Q: Be serious. How do you expect anyone to stay on a diet during the holidays?

 

A: Hey, it is your life. If you want to cheat, do it. Just keep it firmly planted in your own mind that the results of that cheating are totally your own responsibility. Don’t try to blame the holidays or any host/hostess who offered you a forbidden food. No one is responsible for your actions but you. Now that I have shown my drill sergeant attitude, let me also say that I fully understand that no time is harder than the period between Thanksgiving and New Year. Delicious, but fattening, foods are everywhere. They are present at every office party, family function and holiday get-together. Like you, I have always heard the same thing: “C’mon, it’s once a year! Live a little! Relax and enjoy yourself!” Who are they trying to convince – me or themselves? Here are some simple things you can do to keep your diet (diet being either low sugar, low fat, low carb, low mycotoxin, or whatever your normal style is) on track, without feeling as though you are missing out.

 

  • Be first in line and eat before everyone else does. Always try to have a healthy meal about three hours before any holiday feasts. That should allow you to keep your eyeballs in your head and your portions within reason.
  • Graze, but remember that before you give in to hors d’oeuvres like pigs-in-a-blanket and bite-sized quiches, attack your hunger with fiber, protein and healthy fat. For example, start at the vegetable tray, then hit the fruit plate, and finish up with a handful of nuts (not peanuts). By the time you are finished with that filling combination, the other appetizers won’t be so tempting.
  • Have a cup or two of coffee before you attack the food. While everyone else goes for the cakes, pies and other sweets, try a cup of aromatic coffee (especially those flavored coffees). Not only does it satisfy that sweet craving, but the caffeine often acts as an appetite suppressant.

Q: Why is it that all the foods that taste good are the ones you say are bad for me? I feel like a child here because my mom always said things like this too.

 

A: I think there really is no perfect answer to this one. I grew up hearing that phrase too, but the reality is that it is all a matter of acquired taste. When I moved to England (OK, Uncle Sam sent me there for three and a half years), I tried something the English called Black Sausage (AKA Blood Pudding). The first time I ate that stuff, I thought I was going to throw up. But it was on my plate one week out of every six (I did a lot of temporary duty at a small RAF base and they ate that stuff every morning with deep fat fried bread and eggs and bacon). It wasn’t too long until I came to like it (I also gained 90 pounds while living there). Today (ummm, 37 years later), I retain a fond memory of what it tasted like, but I’ll bet that if I actually put it in my mouth today, I’d experience that same feeling of wanting to spit it out (organic graffiti on the walls). You eat what is convenient. You eat what is available. And you develop a taste for those things over time. If you had been raised in a country that had no sugar, no corn, and they ate only fresh-caught fish, fresh root plants, fresh vegetables, and fresh fruits, you would have a taste for those things and would probably puke if someone forced you to eat a huge slice of Black Forest Cake (a truly decadent multi-layer chocolate delight).
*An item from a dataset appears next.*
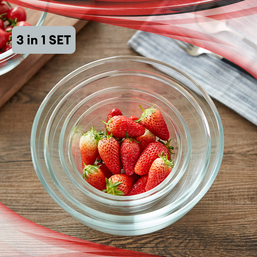 Locaupin Borosilicate Glass All Purpose Round Salad Bowl Food Container Mixing Fruit Prepping Serving Dessert Snack

You can change your eating habits to the point where one day you will discover that not only do you not have a craving for those foods we have been calling “bad,” but when you see them, you might even experience revulsion at the thought of eating that stuff.

 

Q: Are you in favor of alternative medicine instead of traditional doctors?

 

A: Partially. We believe there is a time and place for both. No doubt you have noticed that alternative therapies seem to be everywhere. Advertisements for herbal remedies are nearly as prevalent in health magazines and on television as ads for FDA-approved medicines. Things that were once considered unconventional (e.g., yoga, massage, acupuncture) have become almost mainstream. Judging from the amount of marketing, you might even assume that most Americans are using some form of alternative medicine. So here’s my plug for CAM.

 

What exactly is “alternative” medicine? Complementary and Alternative Medicine (CAM – we mentioned this a few issues back), according to the National Institutes of Health, can be defined as any therapy or treatment that is not part of conventional medicine. This broad definition includes interventions as simple as taking an herb, like Echinacea or Ginseng, to fight off a cold, or as complicated as acupuncture or chiropractic.

 

A study published in the January/February 2005 issue of Alternative Therapies compared the results of two surveys to determine if the prevalence of alternative medicine use changed between 1997 and 2002.
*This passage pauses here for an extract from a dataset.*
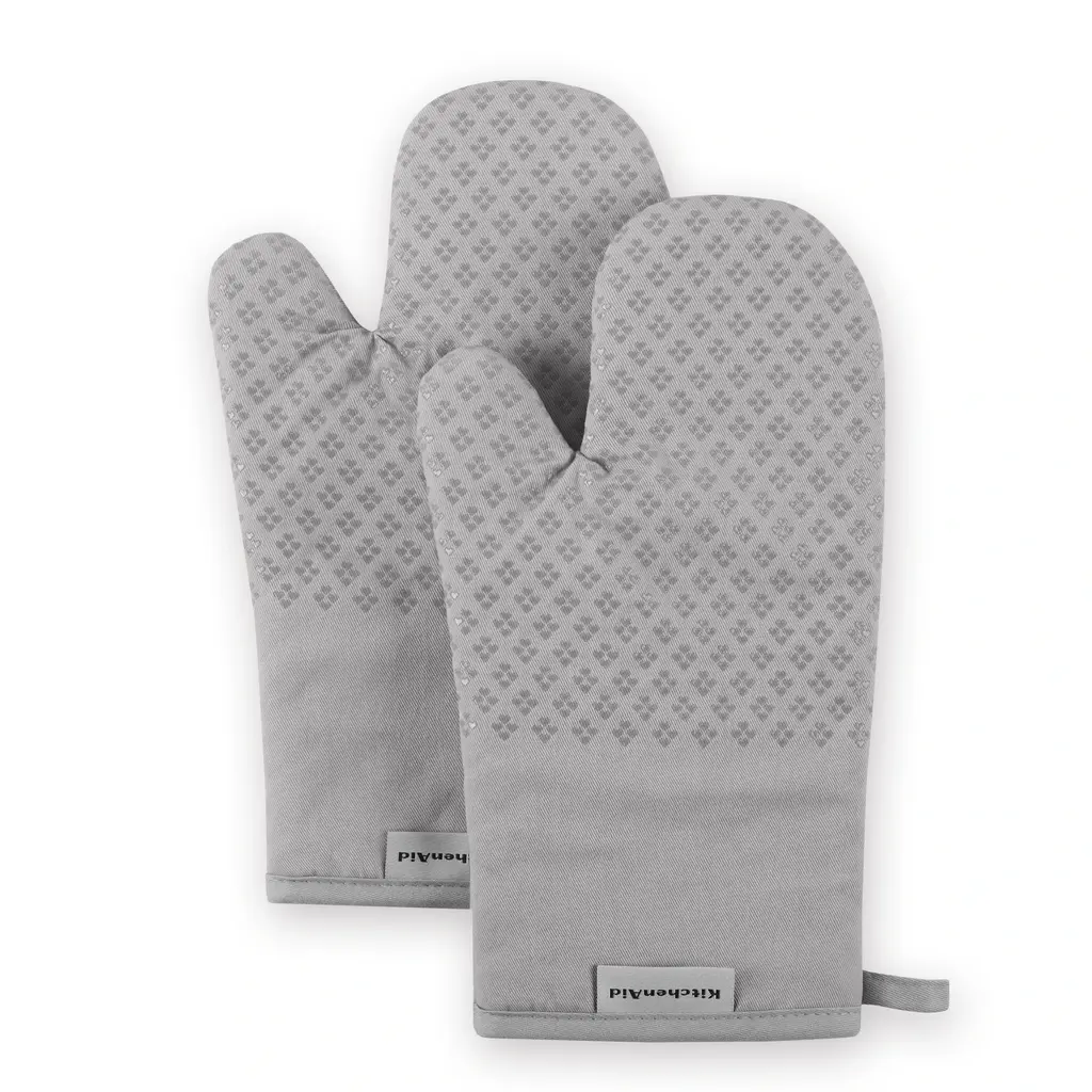 If you're not a huge fan of long waits at ERs or searing, deforming, cruel heat and misery generally, then look no further. Shield your hands with this delightful twosome: oven mitts with wholly cotton shells and heat-resistant silicone print grips.Features:

This study analyzed the results from two national surveys of alternative medicine use by adults. The first survey took place in 1997, and the second in 2002. All of the respondents were age 18 or over, and were interviewed either in person or by phone. The surveys consisted of questions regarding the use of 15 different complementary and alternative therapies during the previous 12 months:

 

  • Chiropractic
  • Massage
  • Acupuncture
  • Energy healing
  • Folk remedies/folk medicine
  • Biofeedback
  • Hypnosis
  • Yoga
  • High dose vitamins
  • Homeopathy
  • Herbal medicine
  • Chelation (use of the amino acid EDTA for cardiovascular disease)
  • Naturopathy
  • Relaxation techniques
  • Special diets (including vegetarian, Atkins®, the Zone®, and others)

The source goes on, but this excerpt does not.